Exposure to two to four times the gentamicin MIC led to the emergence of stable S. epidermidis SCVs, and the ability to produce SCVs was strain dependent. These variants were isogenic by PFGE and less immunogenic by western blotting, and SDS-PAGE analysis of whole cell preparations and cell wall fractions showed altered protein profiles when compared to wild type strains.

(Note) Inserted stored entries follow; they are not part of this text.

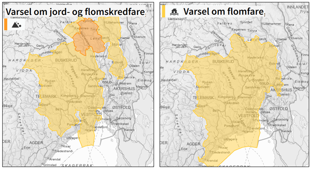 Oransje og gult farenivå for jordskred og flom for deler av Østlandet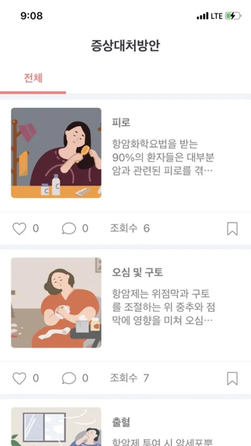 또한, 항암치료 후 생기는 부작용 증상에 대한 대처방안을 쉽게 찾아볼 수 있도록 구성하였습니다. 필요 시에 빠르게 도움을 받을 수 있어요!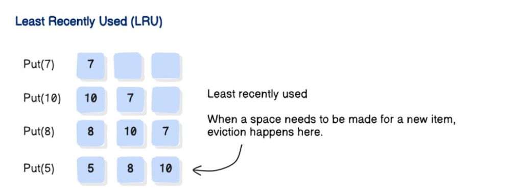 Ele remove os itens menos acessados recentemente para liberar espaço, garantindo que apenas os “quentes” permaneçam.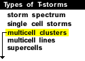 The inset shows what the low-level PPI radar presentation might look like. This storm appears to be unicellular but the several distinct echo tops tell us otherwise. Note that the greatest risk of severe weather at this time extends from beneath the heavy precipitation areas of cell 3 (hail and downbursts) into the area of the leading gust front (downbursts and, on rare occasions, weak gust front tornadoes or gustnadoes).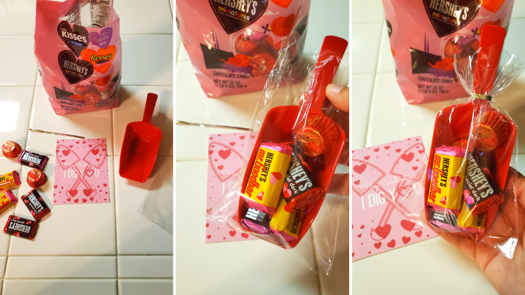 Simply place a small toy plastic shovel in a clear treat back (I used a 4×6 treat bag) and add some sweets treats to the blade of the shovel. I threw in some miniature Hershey’s and Reese’s Peanut Butter Cups. Next, use a twist tie to seal off the bag. Then, pair your little treat shovel with my printable card to totally make their Valentine’s Day!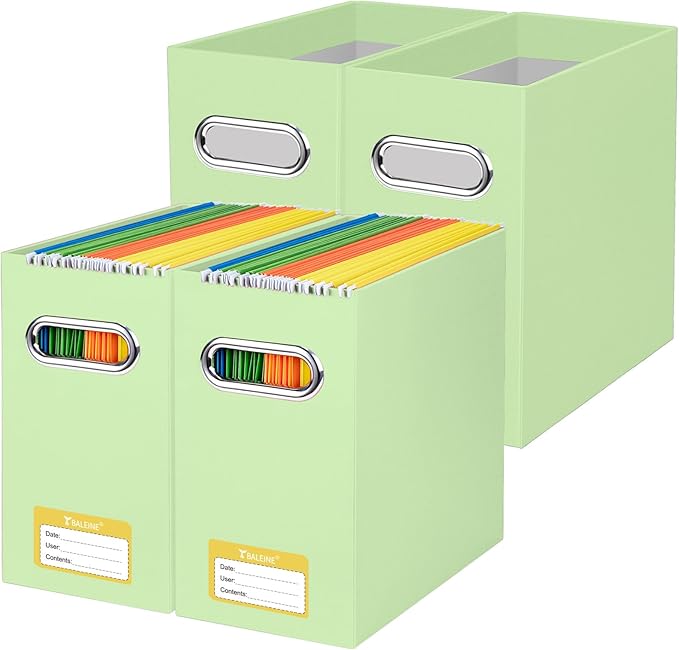 BALEINE File Organizer Box, Cardboard File Folder Organizer with Handle for Letter Size, Portable Collapsible Hanging Filing Box for Home Office Document Storage (4 Pack, Green)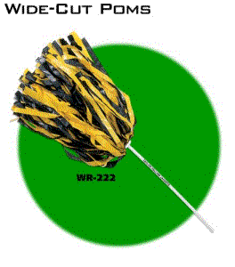 For a "Bolder Look" we offer wide cut Pom Pons in all of our handle styles. These Poms feature 7/16" wide X 220 streamers on each individual pom pon. These also can be done in either solid colors or a two color mix of colors. Minimum order is 20 pom pons.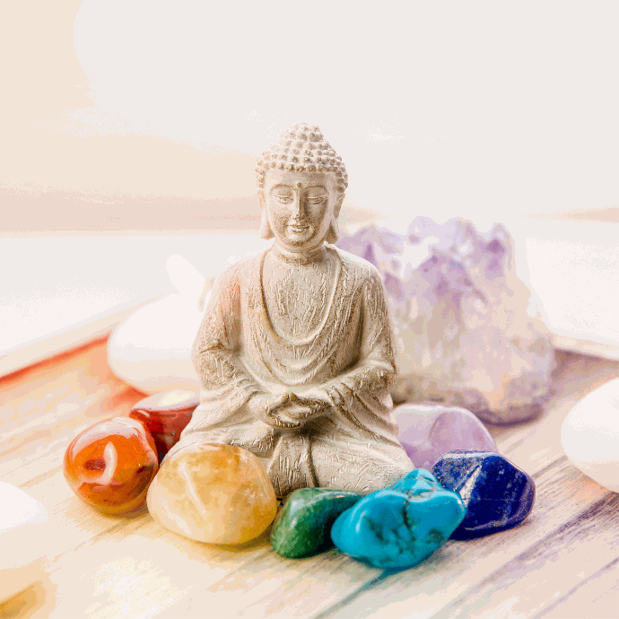 Chaque chakra est représenté par une couleur et y sont associés des pierres et cristaux de même couleur pour répondre aux besoins énergétiques.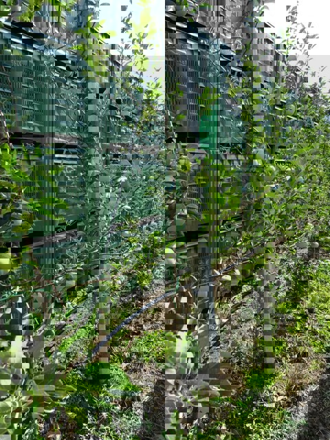 Impianto al primo anno. Le caratteristiche di coltivazione sono le identiche dell'impianto precedente, ma come si puo' notare non sono presenti frutti. Molto dipende dalla pianta che si riceve dal vivaista.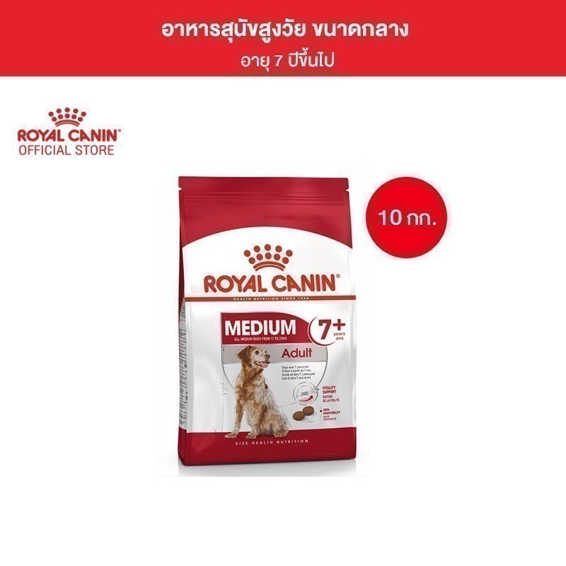 Royal Canin Medium Adult 7+ 10kg อาหารเม็ดสุนัขสูงวัย พันธุ์กลาง อายุ 7 ปีขึ้นไป (Dry Dog Food, โรยัล คานิน)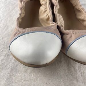 The Yosi Samra YS Pink, White, Blue Leather Ballet Flats in Women's Size 10 are stylish and comfortable flats perfect for everyday wear. The ballet style design with a leather upper adds a touch of elegance to any outfit. The vibrant pink color adds a pop of color to your ensemble, while the blue accents add a fun and trendy twist. These flats are a versatile and fashionable choice for any woman's wardrobe.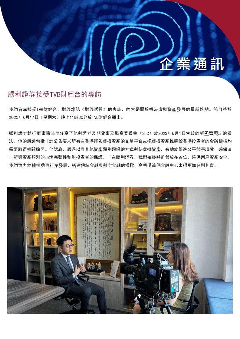 【勝利證券】勝利證券接受TVB財經台的專訪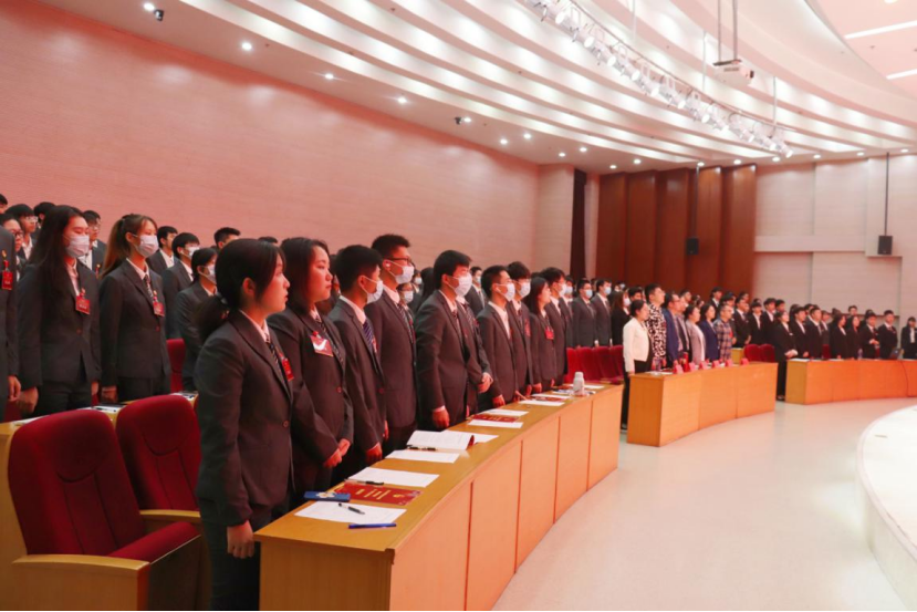 最后,数字商贸学院第一次学生代表大会在青春洋溢的《光荣啊!共青团》中落下帷幕。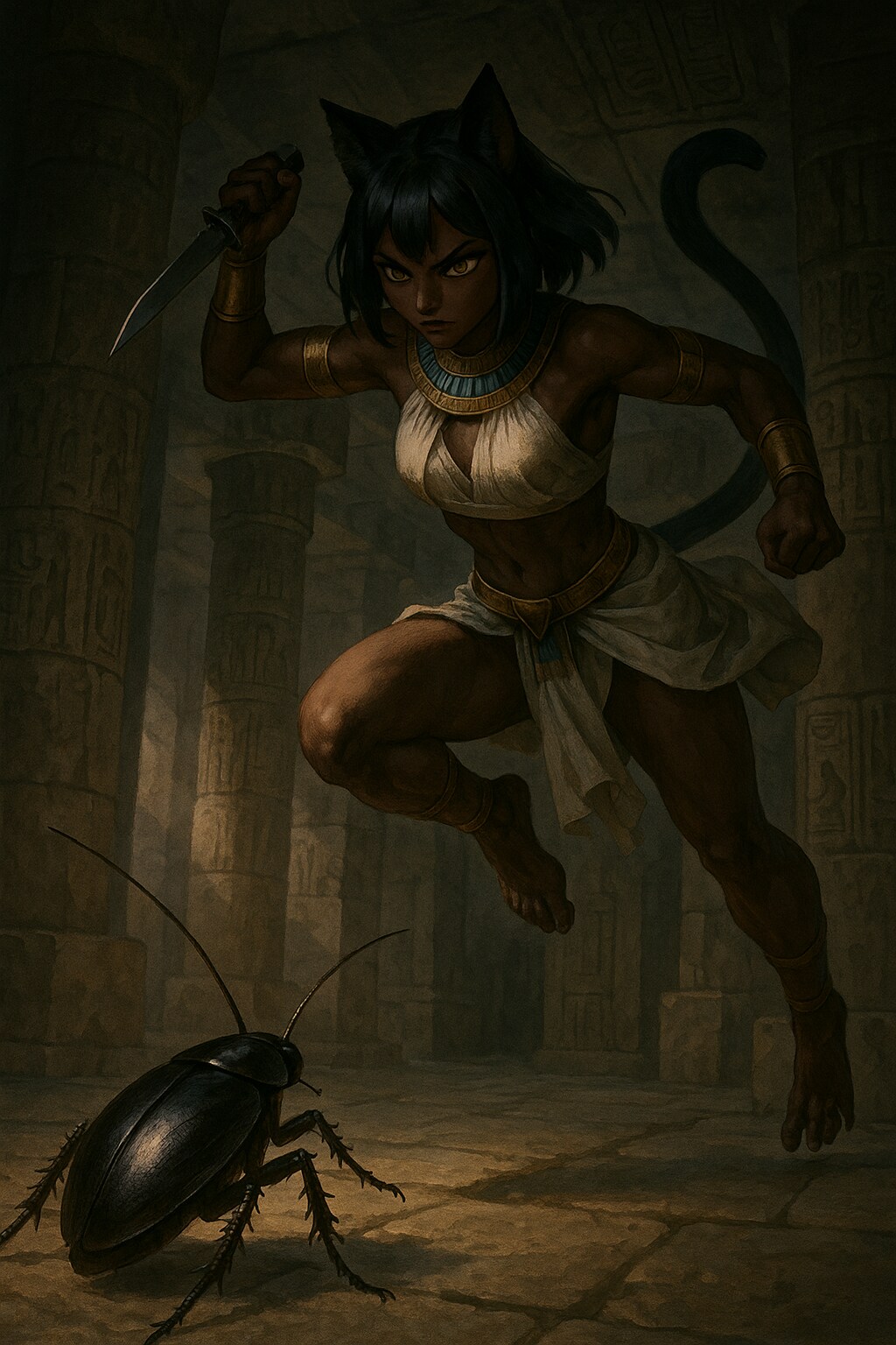 1枚目 : 褐色エジプト猫耳ロリ VS 古代エジプト名物超巨大ゴキブリ

S epidermidis SCVs were resistant to aminoglycosides such as amikacin and/or netilmicin and they were thiamine and/or menadione auxotrophs. Chemiluminescence assays showed a decreased ATP content reflecting the deficiency in electron transport systems which results in a growth rate – all characteristics similar to those of S. aureus SCVs.
Analysis of virulence factor production indicated that S. epidermidis SCVs showed increased lipolytic and proteolytic activity when compared to those of S. aureus. Some S. epidermidis SCVs showed phase variation in exopolysaccharide production which enabled them to be more adherent to uncoated plastic -a property that may also be important for the later stages of development of biofilms.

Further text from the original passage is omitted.